Проспер Мериме – INFERNALIANA. Французская готическая проза XVIII–XIX веков (страница 29)
С этой роковой ночи, о Луций, спокойный сон мне заказан. Ни на благоуханном девичьем ложе, открытом лишь грезам любви, ни в неверной палатке, всякий вечер доставляющей страннику укрытие под иными небесами, ни даже в священном храме не найти мне спасения от ночных демонов. Лишь только, устав бороться с гибельным сном, я смежаю веки, как обступают меня те же чудища, что однажды вырвались на моих глазах из волшебного перстня Мерои. Они скачут вокруг меня, оглушают мой слух своими воплями, вселяют ужас в мою душу своими радостями и оскверняют мои дрожащие губы своими ласками — ласками гарпий.{67} Впереди всех парит Мероя, и из копны ее волос вырываются бледные всполохи. Да вот и вчера… она стала куда выше ростом… формы и черты ее остались прежними, но под пленительной внешностью, как сквозь легкую, прозрачную газовую ткань, с ужасом различал я опаленную солнцем кожу колдуньи и ее желтые, словно присыпанные серой члены; глаза ее, остановившиеся и лишенные выражения, налились кровью, кровавые слезы текли по впалым щекам, а простертая вперед рука оставляла в воздухе кровавый след…

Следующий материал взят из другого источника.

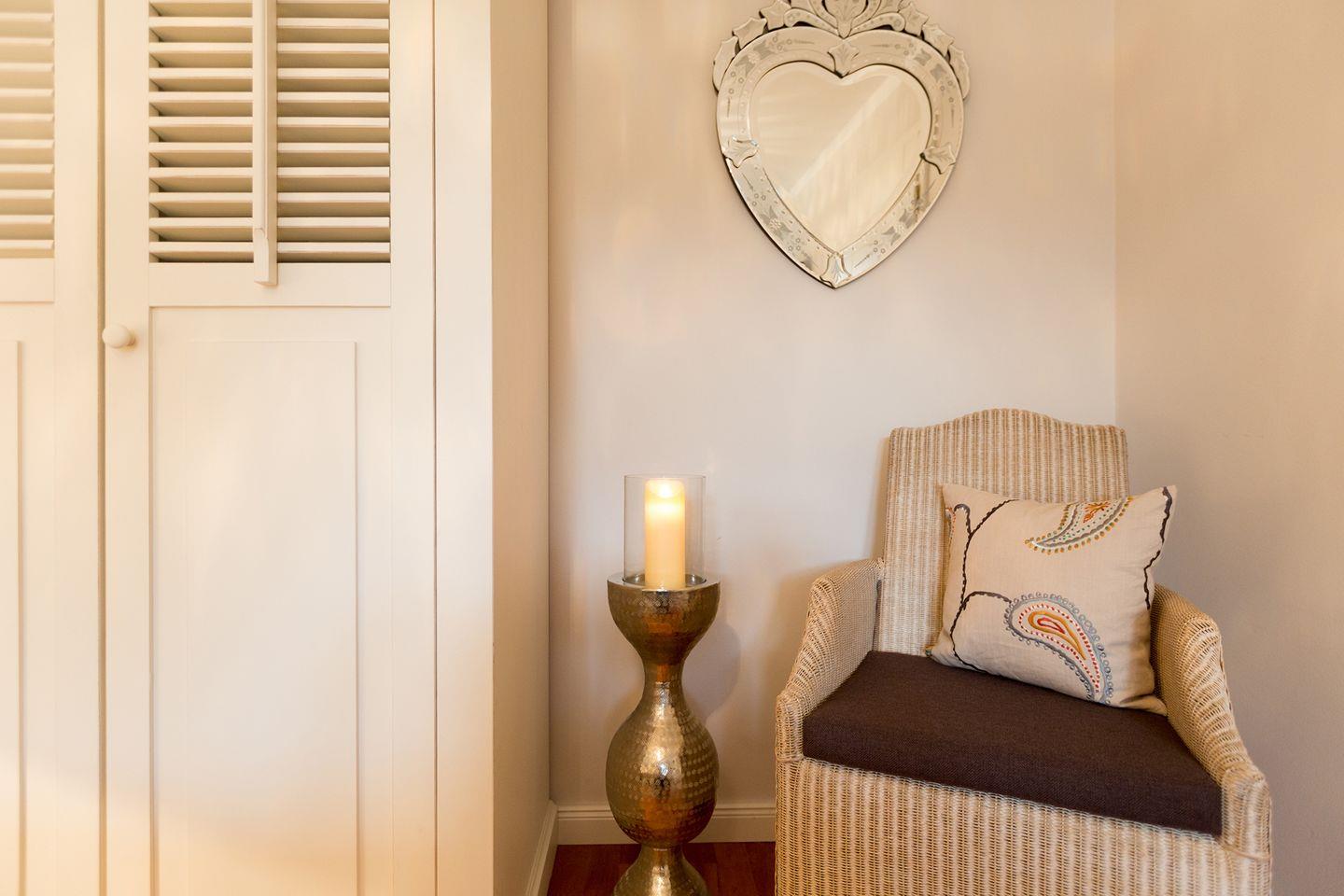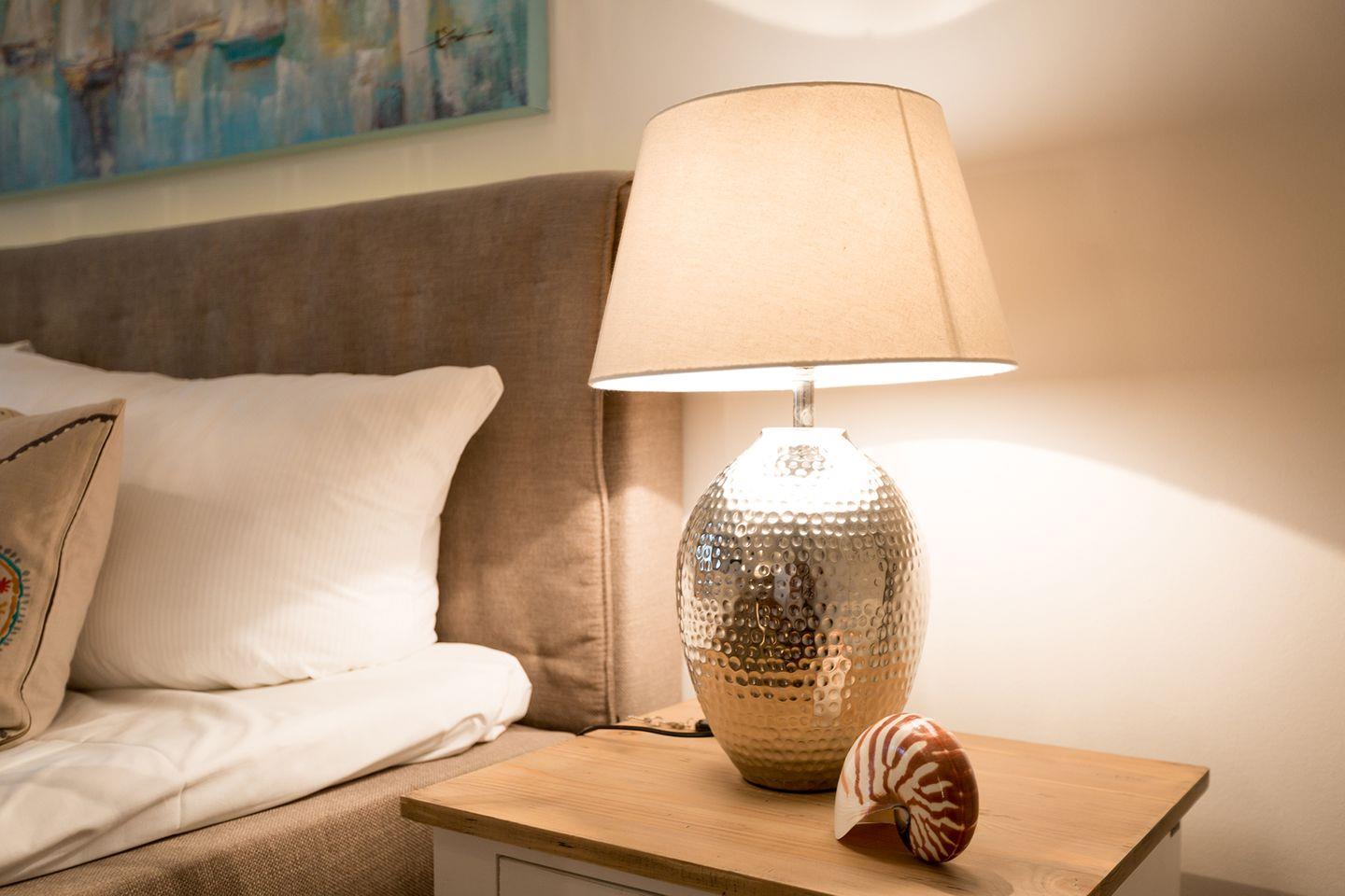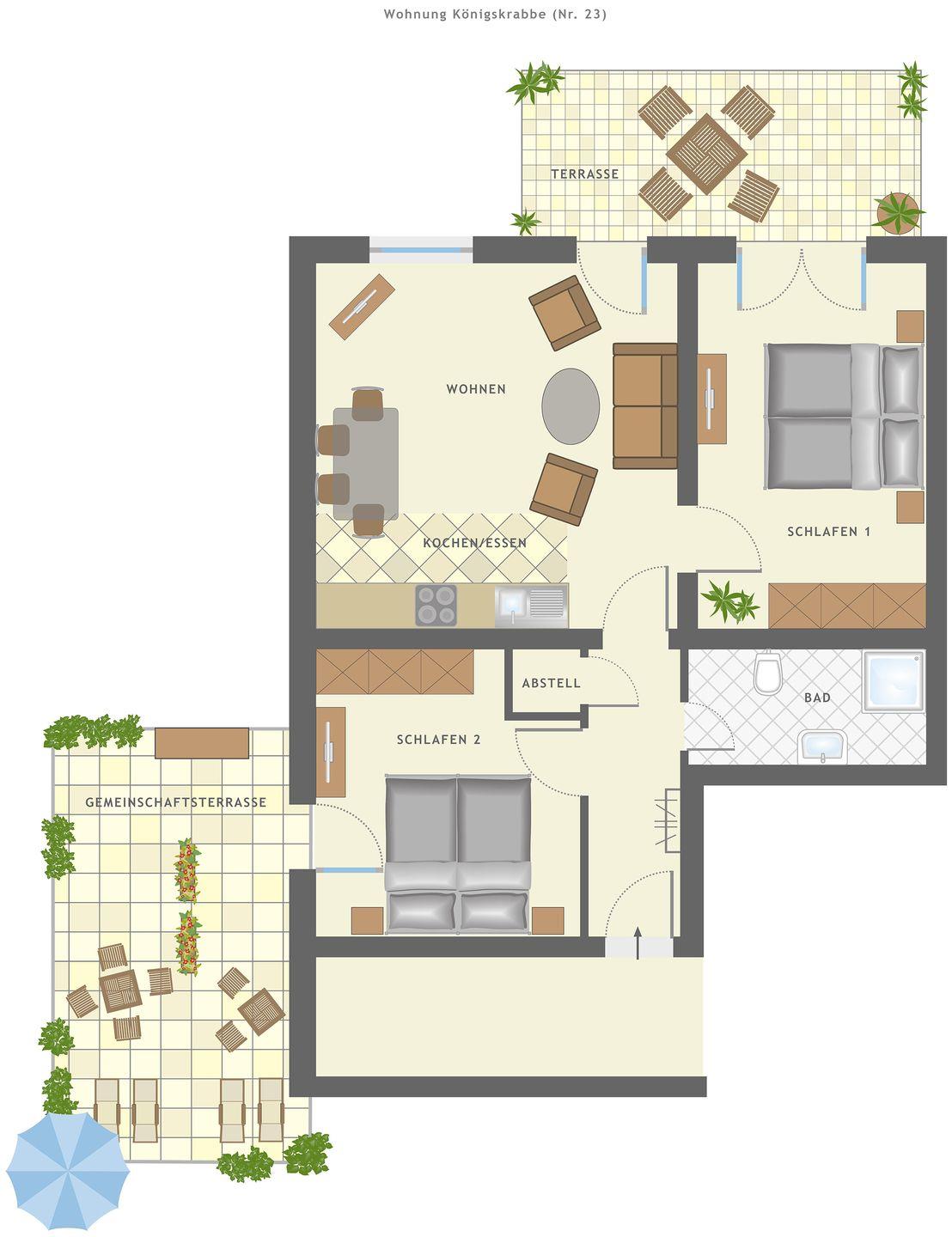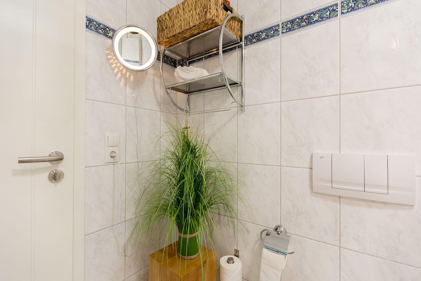 Ein nahezu einzigartiges Highlight sind die Sternenhimmel, die von einem österreichischen Künstler auf die Zimmerdecken beider Schlafzimmer gemalt wurden. Bei Tageslicht ist davon nichts zu sehen, aber nachts, wenn Sie im Bett liegen und sich Ihre Augen an die Dunkelheit gewöhnt haben, entfaltet das Kunstwerk seinen ganz besonderen Charme. Zudem ermöglicht Ihnen das zweite Schlafzimmer Zutritt zur gemeinschaftlich genutzten Terrasse, welche mit Sonnenliegen bestuhlt ist. Wenn Sie es lieber etwas privater mögen, können Sie sowohl vom ersten Schlafzimmer als auch vom Wohnzimmer die zweite, wohnungseigene und zudem überdachte Terrasse nutzen. Sie erreichen über diese Terrasse zusätzlich die hauseigene Gemeinschaftsaußenanlage mit Strandkörben. Das Bad mit Dusche, Waschschrank, WC und kleinen Extras bietet vielerlei Komfort.

«Ступай, — сказала она, поманив меня пальцем, прикосновение которого грозило мне смертью, — ступай и взгляни на царство, какое я дарю своему супругу, ибо я хочу, чтобы ты познал все владения ужаса и отчаяния…» Говоря это, она летела передо мной, то припадая к земле, то взмывая над нею, подобно огоньку пламени, теплящемуся на конце готового погаснуть факела. О, какую муку причиняла стремительно одолеваемая нами дорога всем моим чувствам! Как не терпелось, кажется, и самой колдунье поскорее добраться до цели! Вообрази себе мрачное подземелье, укрывающее останки всех невинных жертв, замученных колдуньей, вообрази, что среди этих искалеченных останков не было ни единого клочка плоти, который не сохранил бы способности стенать и плакать!.. Вообрази себе движущиеся, живые стены, смыкающиеся перед тобою и постепенно заключающие твои члены в тесное, ледяное узилище… Твоя сдавливаемая грудь вздымается, трепещет, рвется к свежему воздуху сквозь пыльные развалины, факельный чад, катакомбную сырость, ядовитое дыхание мертвецов… а демоны ночи все, как один, кричат, свистят, вопят или рычат тебе в уши, вселяя ужас: «Еще мгновение — и ты задохнешься!»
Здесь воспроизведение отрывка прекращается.